Как показано здесь, только 12 гликан специфики были сохранены. Здесь показан репрезентативный пример изображений, полученных с помощью микротоков, сканирующих с помощью флуоресцентного сканера. Затем сетка выравнивается по пятнам в каждом под массиве.
Флоресента обнаруживается для каждого места и результаты передаются в общий файл электронной таблицы. После инкубации с помощью мышиной сыворотки чипы глико были отсканированы с помощью считыватель сканирующего массива. Данные анализировались с помощью системы микро массивного анализа, результаты были выражены в РФС как медианный плюс минус медианное абсолютное отклонение.
Синий и белый цвета представляют собой фоновые связывающие сигналы ниже 4000 РФС. Красный цвет представляет собой положительные связывающие сигналы больше или равны 4000 РФС. Большинство гликан структур подвергаются в гликоль чипы не были признаны в репертуаре циркулирующих антигликан антител мышей balp C.
После освоения этой техники можно сделать в течение пяти часов и 45 минут, если она выполнена должным образом. После просмотра этого видео, вы должны иметь хорошее понимание того, как использовать технологию массива принтера гликона для исследования репертуара и уровней циркулирующих антиуглеводных антител в образцах сыворотки. При попытке этой процедуры, важно помнить, что чип глико должны манипулировать нижней части стекла света.
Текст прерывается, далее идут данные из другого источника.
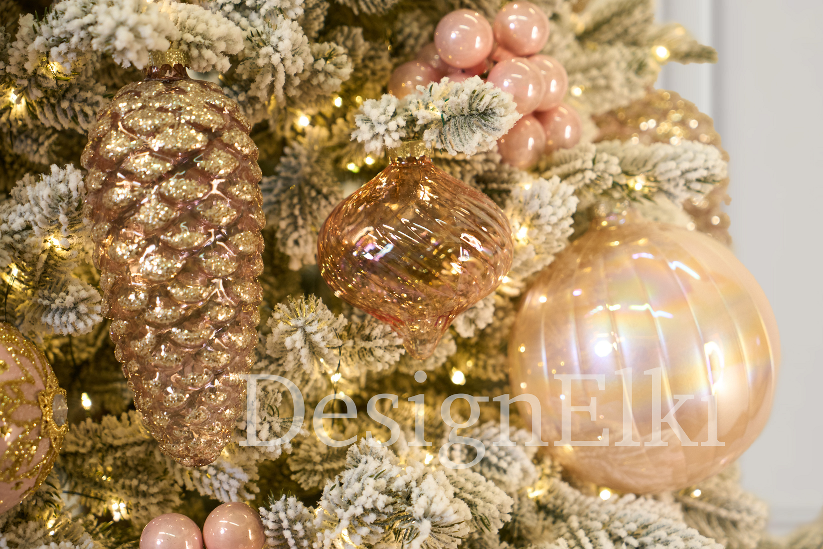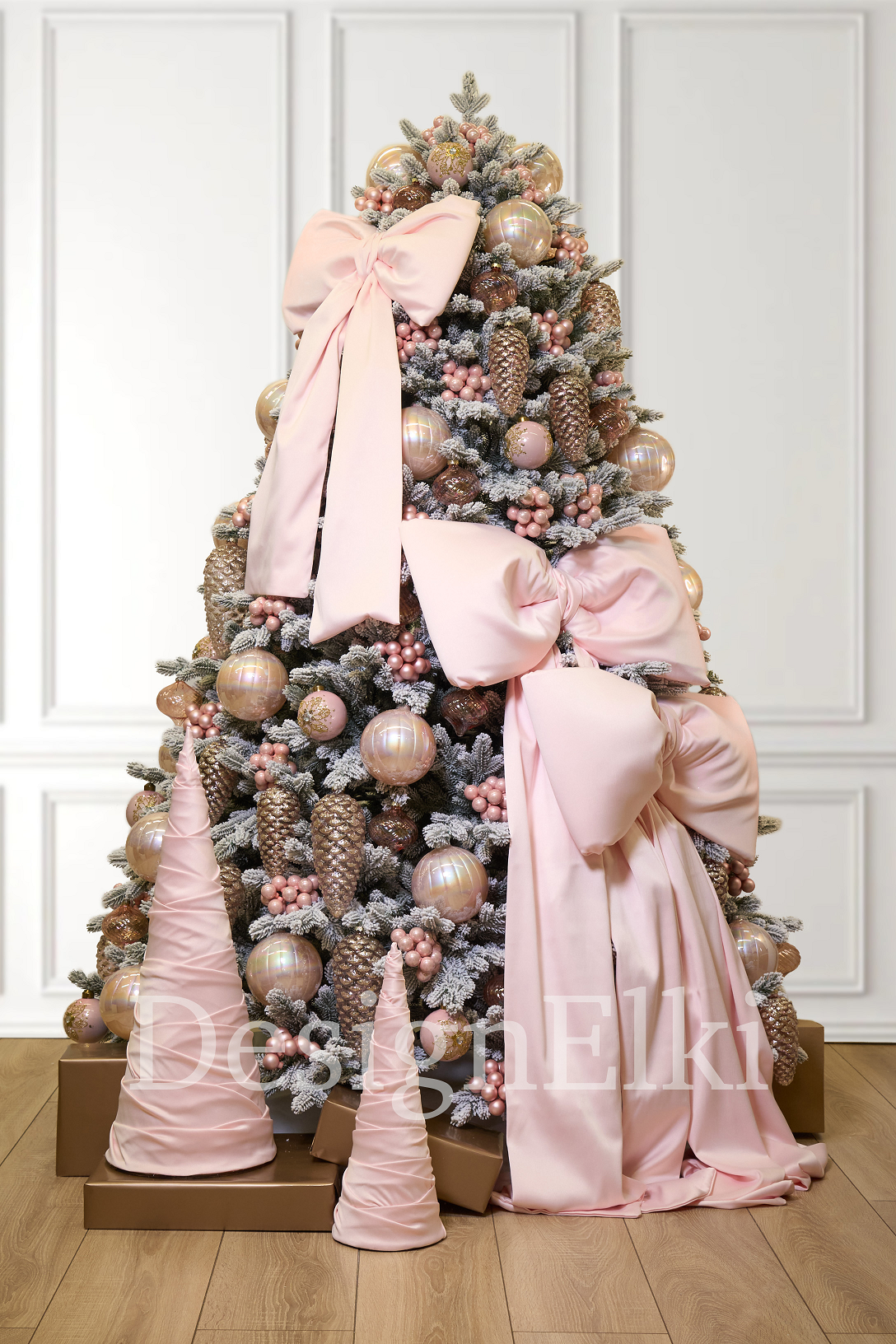 Перед вами — настоящая принцесса зимнего леса. Нежный образ вдохновлен струящимся платьем с большим бантом. Жемчужные шары словно драгоценное ожерелье. Их хрупкая красота перекликается с фактурными шишками из матового стекла. Новогоднее убранство напоминает о вечной красоте, неподвластной времени, и о чуде, которое приходит в самый волшебный месяц года.
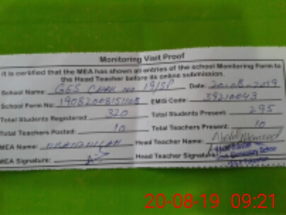 | Attendance Register | Head Teacher | MEA with School | Visit Proof |
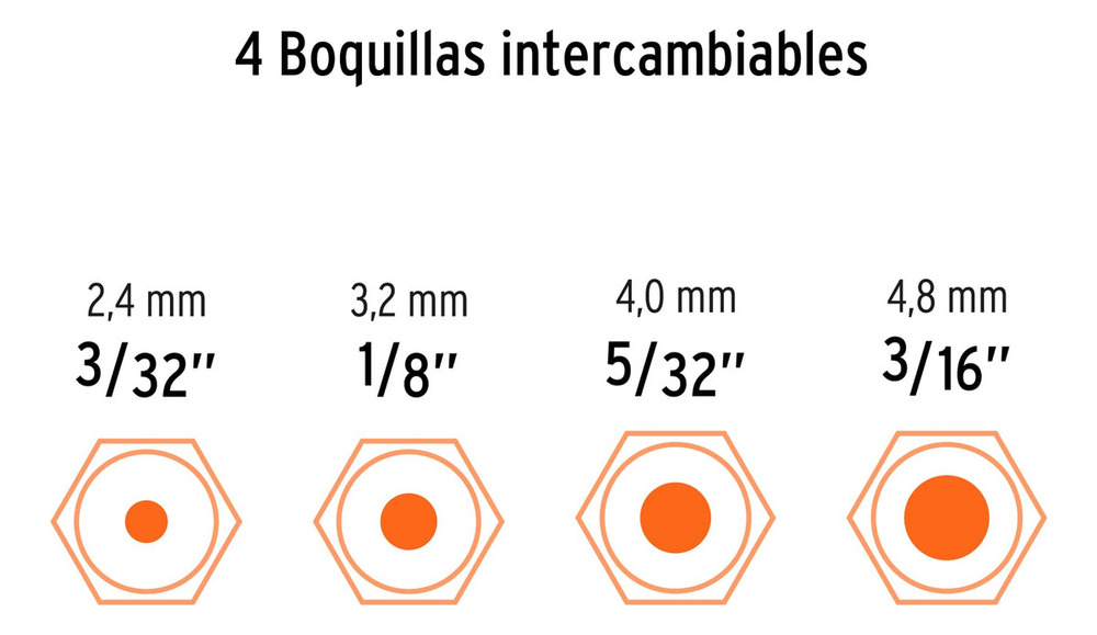 • Incluye 4 boquillas intercambiables: 3/32″ (2.4mm), 1/8″ (3.2mm), 5/32″ (4mm) y 3/16″ (4.8mm)
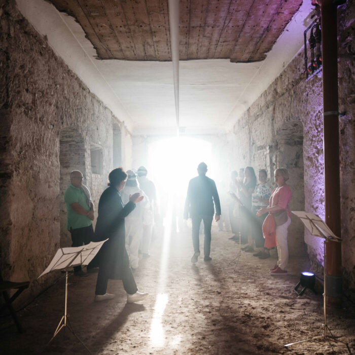 Vergangenheit und kulturelle Umbrüche in Biographie und Zeitgeschichte werden thematisiert. Zentrales Motiv ist ein Bergwerk und der Bergbau. Bergbau – ein Versuch, modernes Musiktheater in einem historischen Bau der Salzgeschichte erlebbar zu machen. Die literarische Welt wird mit der historischen zusammengeführt und durch die Intimität der Veranstaltung mit nur maximal 70 Personen unterstrichen.
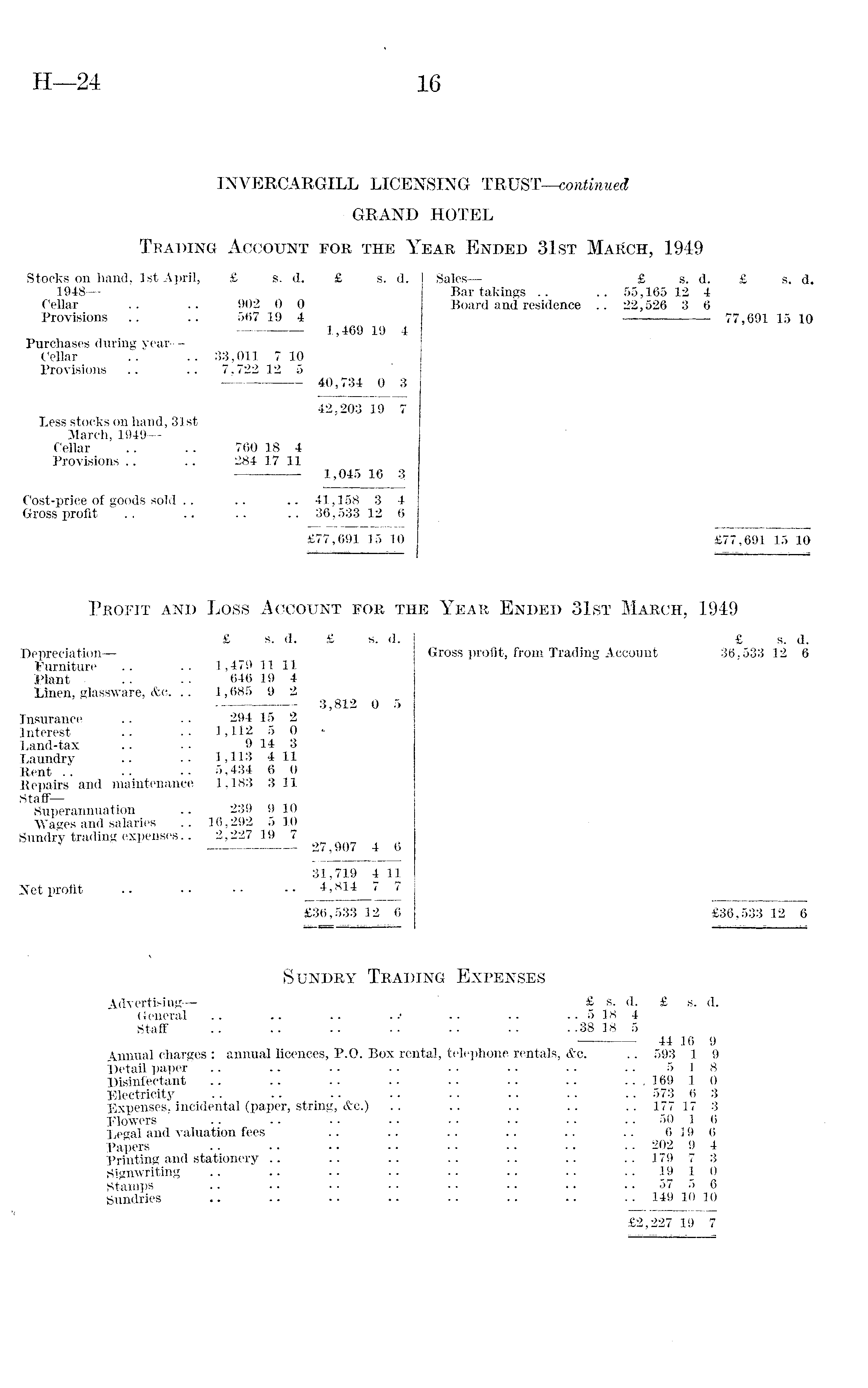 INVERCARGILL LICENSING TRUST—continued GRAND HOTEL Trading Account for the Year Ended 31st March, 1949 Stocks, on hand, Ist April, £ s. d. £ s. d. Sales — £ s. d. £ s. d. 1948 Bar takings .. .. 55,165 12 4 Cellar .. .. 902 0 0 Board and residence .. 22,526 3 6 Provisions .. .. 567 19 4 77,691.15 10 1,469 19* 4 Purchases during year— Cellar .. .. 33,011 710 Provisions .. .. 7,722 12 5 40,734 0 3 42,203 19 7 Less stocks on hand, 31st March, 1949 Cellar .. .. 760 18 4 Provisions .. .. 284 17 11 1,045 16 a Cost-price of goods sold .. .. .. 41,158 3 4 Gross profit .. .. .. .. 36,533 12 6 £77,691 15 10 £77,691 15 10 Profit and Loss Account for the Year Ended 31st March, 1949 £ s. d. £ s. d. £ s. d. Depreciation— Gross profit, from Trading Account 36,533 12 6 Furniture .. .. 1,479 11 11 Plant 646 19 4 Linen, glassware, &c. .. 1,685 9 2 3,812 0 5 Insurance .. .- 294 15 2 Interest .. . ■ 1,112 5 0 Land-tax .. .. 9 14 3 Laundry .. •• 1,113 411 Rent 5,434 6 0 Repairs and maintenance 1,183 311 Staff — Superannuation .. 239 9 10 Wages and salaries .. 16, 292 510 Sundry trading expenses.. 2,227 19 7 — 27,907 4 6 31,719 4 11 Net profit .. •• •• -- 4,814 7 7 £36,533 12 6 £36,533 12 6 Sundry Trading Expenses £ s. d. £ s. d. General .. .. .. ■■ ■ - ■ .. 5 18 4 Staff .. -. .• •• •• •■ ..38 18 5 44 16 9 Annual charges : annual licences, P.O. Box rental, telephone rentals, &c. .. 593 1 9 Detail paper .. .. .. .. .. ••. .. .. 5 18 Disinfectant .. .. .. .. .. .. .. ... 169 1 0 Electricity .. .. .. .. .. .. .. .. 573 6 3 Expenses, incidental (paper, string, &c.) .. .. .. .. .. 177 17 3 Flowers .. .. •. .. . • • • .. 50 1 6 Legal and valuation fees .. .. .. .. .. .. 6 19 6 Papers .. 202 9 4 Printing and stationery .. .. .. .. .. .. .. 179 7 3 Signwriting .. .. .. .. .. .. .. 19 1 0 Stamps .. .. • • • • • • • - • • 57 5 6 Sundries .. . - • • • • • • • • • • • • 149 10 10 £2,227 19 7

Где находится штрих-код. Чтобы избежать контакта с напечатанными гликанами. Кроме того, убедитесь, что вся сухая область чипа глико покрыта разбавленным образцом сыворотки с помощью кончика пипетки.
Объем, необходимый для полностьюго покрытия одной поверхности чипа глико, составляет примерно один миллилитр. После этой процедуры, другие методы, такие как микросфера базы подвески массив может быть сделано для того, чтобы ответить на дополнительные вопросы, связанные с гибким мультиплекс обнаружения антигликан антител профиля. После его внедрения этот метод проложил путь для исследователей в области биоматериала молекул и иммунологии, чтобы исследовать небелковый гликоль взаимодействия в наборе мелких животных.